→ TASK ITEM
Transcribe the following records exactly, images excluded.

(Records from a collection)
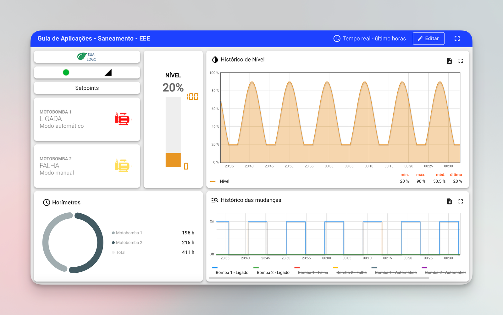 Os dados são obtidos em tempo real. O status da motobomba e chaves são obtidos na variação de borda do sinal da DI. O status de nível é coletado a cada 2 minutos. O status de horímetro é coletado a cada 15 minutos.
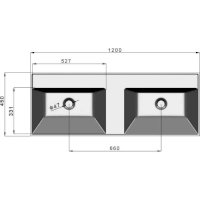 Отверстие для смесителя: по 1 у каждой раковины (по центру)
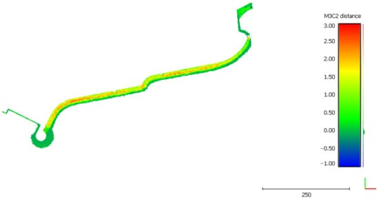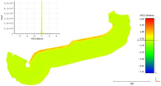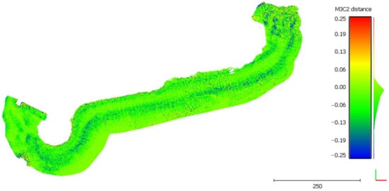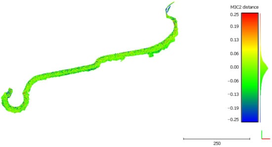 A simple difference in elevation between the DSMs was performed using the CloudCompare M3C2 plugin [], which computes the signed distances between input point clouds, i.e., the obtained distances have positive or negative signs. The M3C2 output is a new point cloud where each point represents the distance along a defined direction (the vertical direction in the present case, i.e., along the z-axis of a conventional right-handed orthogonal Cartesian triplet) between the reference and the compared point clouds. The M3C2 output cloud follows this convention: positive sign if the compared DSM has a higher height concerning the reference DSM, negative sign vice versa.
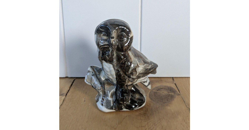 Vintage Owl Figurine - Marbled Coloring - Made in USA - 4"
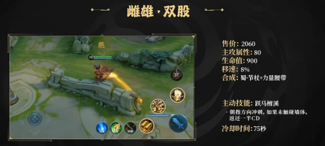 主动技能:跃马檀溪,朝指方向冲刺,如果未触碰墙体,返还一半cd,冷却时间75秒。
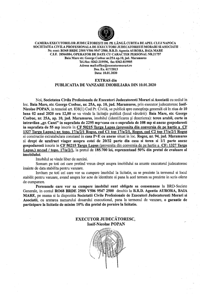 Noi, Societatea Civila Profesionala de Executori Judecatoresti Morari si Asociatii cu sediul in loc. Baia Mare, str. George Cosbuc, nr. 25A, ap. 10, jud. Maramures, prin executor judecatoresc Iosif-Nicolae POPAN, in temeiul art. 838(1) Cod. Pr. Civila, se publica spre cunostinta generala ca in ziua de 05 luna 02 anul 2020 ora 13.00, se va vinde la licitatie publica (locul vanzarii): Baia Mare, str. George Cosbuc, nr. 25A, ap. 10, jud Maramures, imobilul descris in documentul de mai jos:
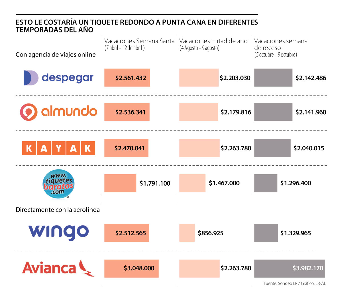 Un sondeo de LR que tomó como destino Punta Cana, República Dominicana, por ser uno de los destinos con más turistas y además al que aerolíneas colombianas como Wingo y Avianca cuentan con vuelos directos, se propuso analizar cuáles son los precios más bajos en temporada alta.
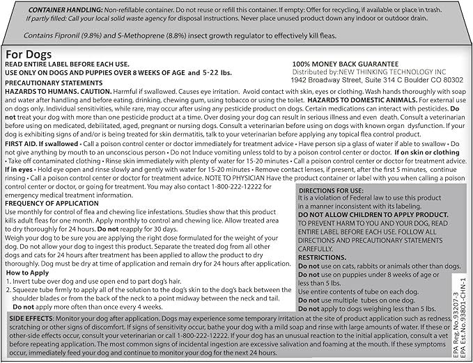 EFFECT: provides fast-acting long-lasting, waterproof treatment and control of fleas, ticks, chewing lice, and sarcoptic mites. Use ONLY on dogs weighing minimum of 5-22 lbs. Suitable for females raising pups, lactation and only 8 weeks puppies.
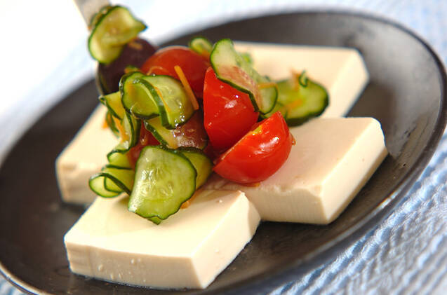 ボウルにナメタケ、プチトマト、キュウリを混ぜ合わせ、(1)の豆腐に盛る。
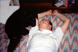 5am to 7am he laid out front in grass with Elnora siting by him. He thru up white foamy stuff a couple of times. Probably a good part of his congestion. Later that afternoon he thru up more white stuff. He’s still walking but weaker, and following his normal routine of being my loyal pal right by my side. Up, on the bed (with a boost from mom). His face and eyes look more happy and normal for him. We cuddle as usual before I get up. For breakfast Mom makes him chicken broth and squirts an ounce or so in by syringe. This afternoon he gets more chicken broth by syringe. This evening Elnora follows Dr. Falconer’s (the second D.V.M.) advice to feed him raw chicken or beef. Elnora blends up a batch of liquid food containing some raw chicken liver along with, parsley, yogurt, & brewers yeast. I go to bed, and Midnight uncharacteristically, lays in the front hallway.
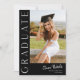 This modern elegant stylish photo graduation invitation features a vertical photo and headline with customisable script name and text on the front. The back has an invitation with party details. A great way to showcase your graduate. Click the edit button to personalise this design.
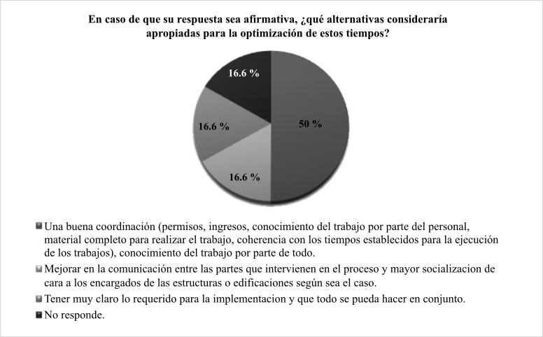 Para complementar esta pregunta, se solicitó que, en caso de que la respuesta fuera afirmativa, el encuestado indicara cuáles alternativas consideraría apropiadas para la optimización de estos tiempos, como se muestra en la figura 3. De acuerdo con las respuestas a esta pregunta, se obtuvieron las siguientes alternativas:
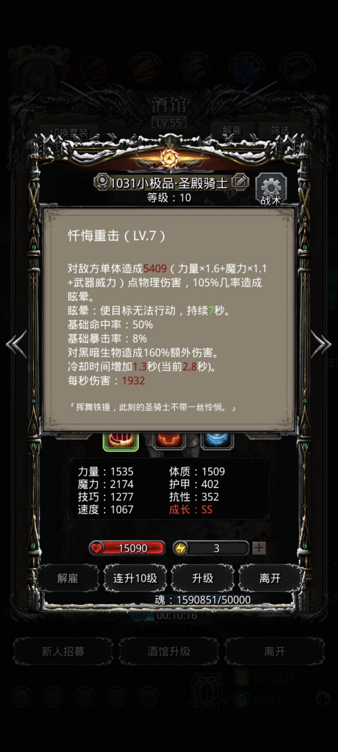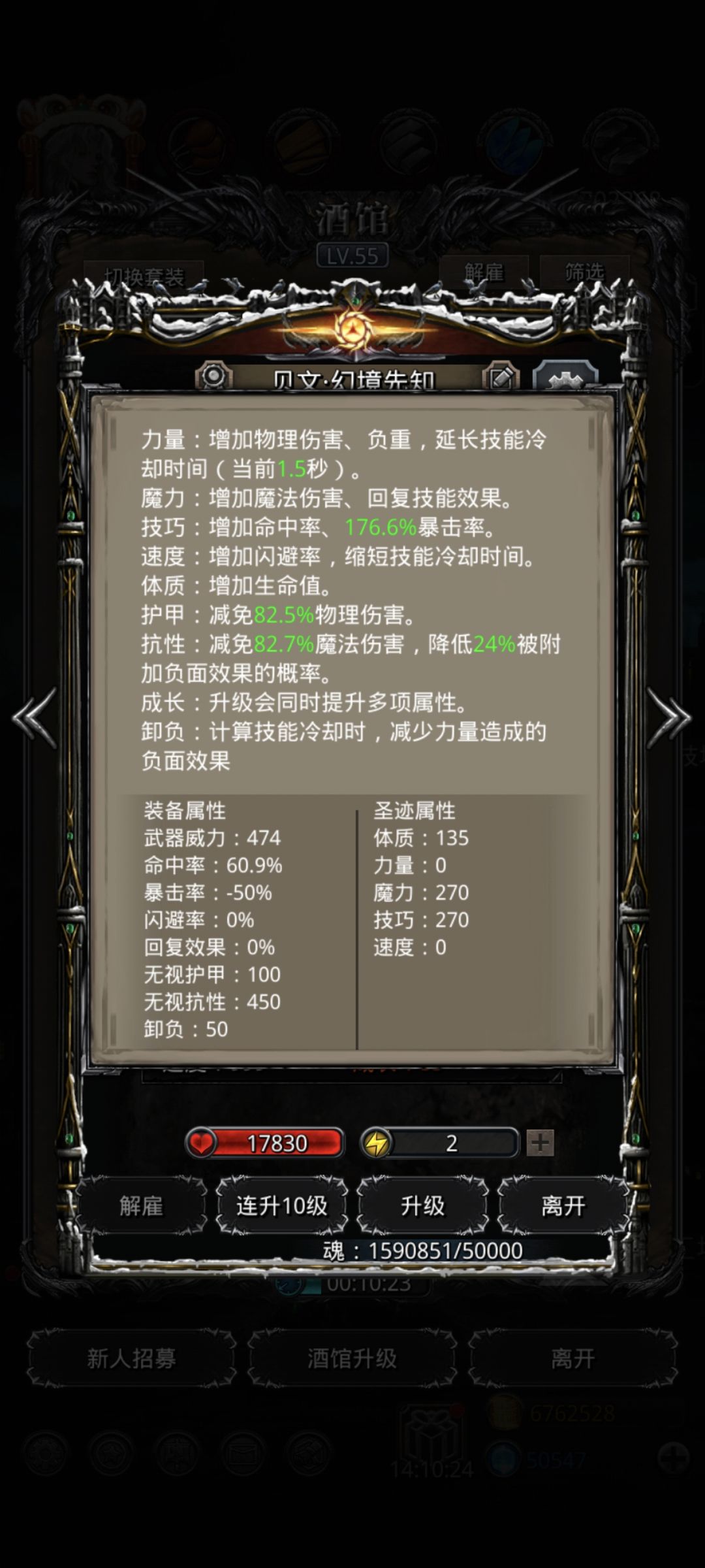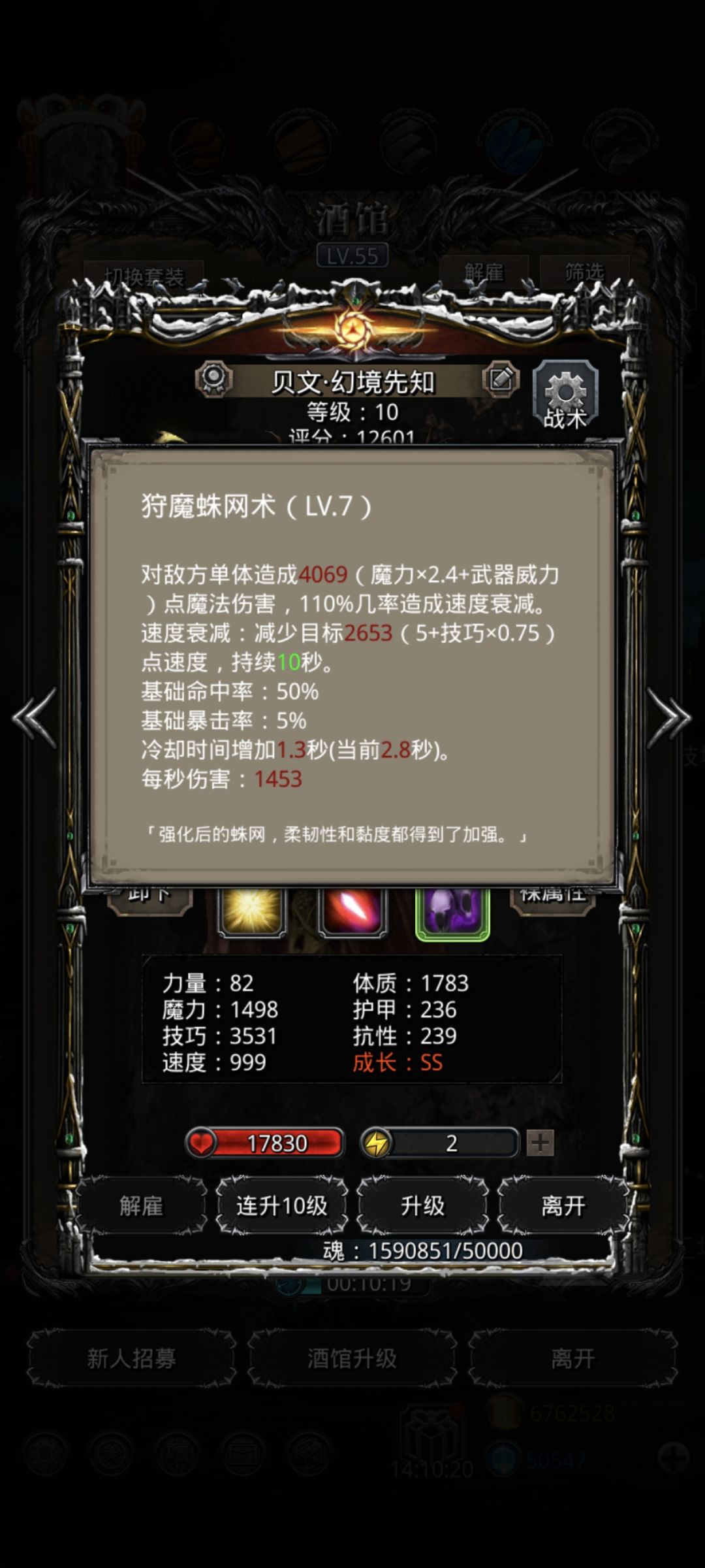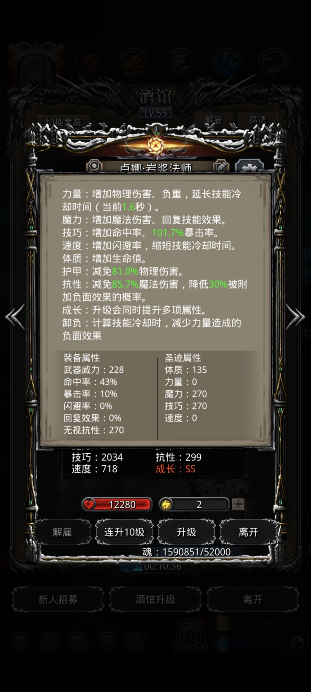 火法我是开局逮一下,然后后面为了求稳是打二奶一,主要刷脸看开局幻境能不能减速到,后面基本就稳了,独裁堆技巧,开破甲,幻境只开减速,火法跟幻境带了先发,幻境是技巧先发,火法是命中先发,魔石除了独裁基本都洗的命中
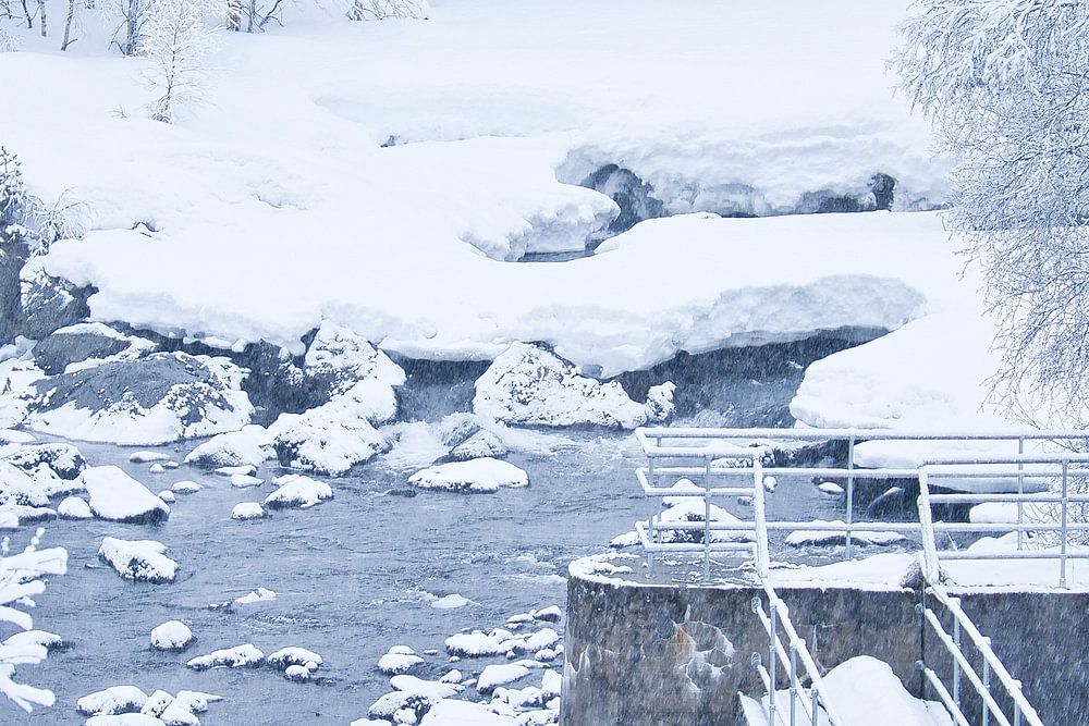 Norwegisches Hochgebirge, verschneit Berge und Landschaft. Winterliche Landschaft mit viel Weite.
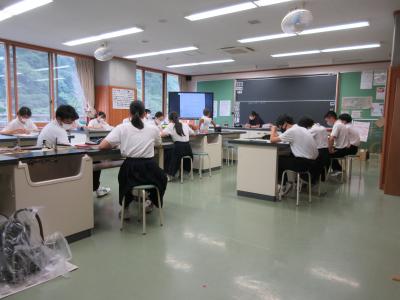 復習テストを行っています。午前の国語、社会、数学はなかなか手強かったとの声が。努力の成果を発揮できるといいですね。

→ OUTPUT OF THE TASK
 Os dados são obtidos em tempo real. O status da motobomba e chaves são obtidos na variação de borda do sinal da DI. O status de nível é coletado a cada 2 minutos. O status de horímetro é coletado a cada 15 minutos.
 Отверстие для смесителя: по 1 у каждой раковины (по центру)
 A simple difference in elevation between the DSMs was performed using the CloudCompare M3C2 plugin [], which computes the signed distances between input point clouds, i.e., the obtained distances have positive or negative signs. The M3C2 output is a new point cloud where each point represents the distance along a defined direction (the vertical direction in the present case, i.e., along the z-axis of a conventional right-handed orthogonal Cartesian triplet) between the reference and the compared point clouds. The M3C2 output cloud follows this convention: positive sign if the compared DSM has a higher height concerning the reference DSM, negative sign vice versa.
 Vintage Owl Figurine - Marbled Coloring - Made in USA - 4"
 主动技能:跃马檀溪,朝指方向冲刺,如果未触碰墙体,返还一半cd,冷却时间75秒。
 Noi, Societatea Civila Profesionala de Executori Judecatoresti Morari si Asociatii cu sediul in loc. Baia Mare, str. George Cosbuc, nr. 25A, ap. 10, jud. Maramures, prin executor judecatoresc Iosif-Nicolae POPAN, in temeiul art. 838(1) Cod. Pr. Civila, se publica spre cunostinta generala ca in ziua de 05 luna 02 anul 2020 ora 13.00, se va vinde la licitatie publica (locul vanzarii): Baia Mare, str. George Cosbuc, nr. 25A, ap. 10, jud Maramures, imobilul descris in documentul de mai jos:
 Un sondeo de LR que tomó como destino Punta Cana, República Dominicana, por ser uno de los destinos con más turistas y además al que aerolíneas colombianas como Wingo y Avianca cuentan con vuelos directos, se propuso analizar cuáles son los precios más bajos en temporada alta.
 EFFECT: provides fast-acting long-lasting, waterproof treatment and control of fleas, ticks, chewing lice, and sarcoptic mites. Use ONLY on dogs weighing minimum of 5-22 lbs. Suitable for females raising pups, lactation and only 8 weeks puppies.
 ボウルにナメタケ、プチトマト、キュウリを混ぜ合わせ、(1)の豆腐に盛る。
 5am to 7am he laid out front in grass with Elnora siting by him. He thru up white foamy stuff a couple of times. Probably a good part of his congestion. Later that afternoon he thru up more white stuff. He’s still walking but weaker, and following his normal routine of being my loyal pal right by my side. Up, on the bed (with a boost from mom). His face and eyes look more happy and normal for him. We cuddle as usual before I get up. For breakfast Mom makes him chicken broth and squirts an ounce or so in by syringe. This afternoon he gets more chicken broth by syringe. This evening Elnora follows Dr. Falconer’s (the second D.V.M.) advice to feed him raw chicken or beef. Elnora blends up a batch of liquid food containing some raw chicken liver along with, parsley, yogurt, & brewers yeast. I go to bed, and Midnight uncharacteristically, lays in the front hallway.
 This modern elegant stylish photo graduation invitation features a vertical photo and headline with customisable script name and text on the front. The back has an invitation with party details. A great way to showcase your graduate. Click the edit button to personalise this design.
 Para complementar esta pregunta, se solicitó que, en caso de que la respuesta fuera afirmativa, el encuestado indicara cuáles alternativas consideraría apropiadas para la optimización de estos tiempos, como se muestra en la figura 3. De acuerdo con las respuestas a esta pregunta, se obtuvieron las siguientes alternativas:
 火法我是开局逮一下,然后后面为了求稳是打二奶一,主要刷脸看开局幻境能不能减速到,后面基本就稳了,独裁堆技巧,开破甲,幻境只开减速,火法跟幻境带了先发,幻境是技巧先发,火法是命中先发,魔石除了独裁基本都洗的命中
 Norwegisches Hochgebirge, verschneit Berge und Landschaft. Winterliche Landschaft mit viel Weite.
 復習テストを行っています。午前の国語、社会、数学はなかなか手強かったとの声が。努力の成果を発揮できるといいですね。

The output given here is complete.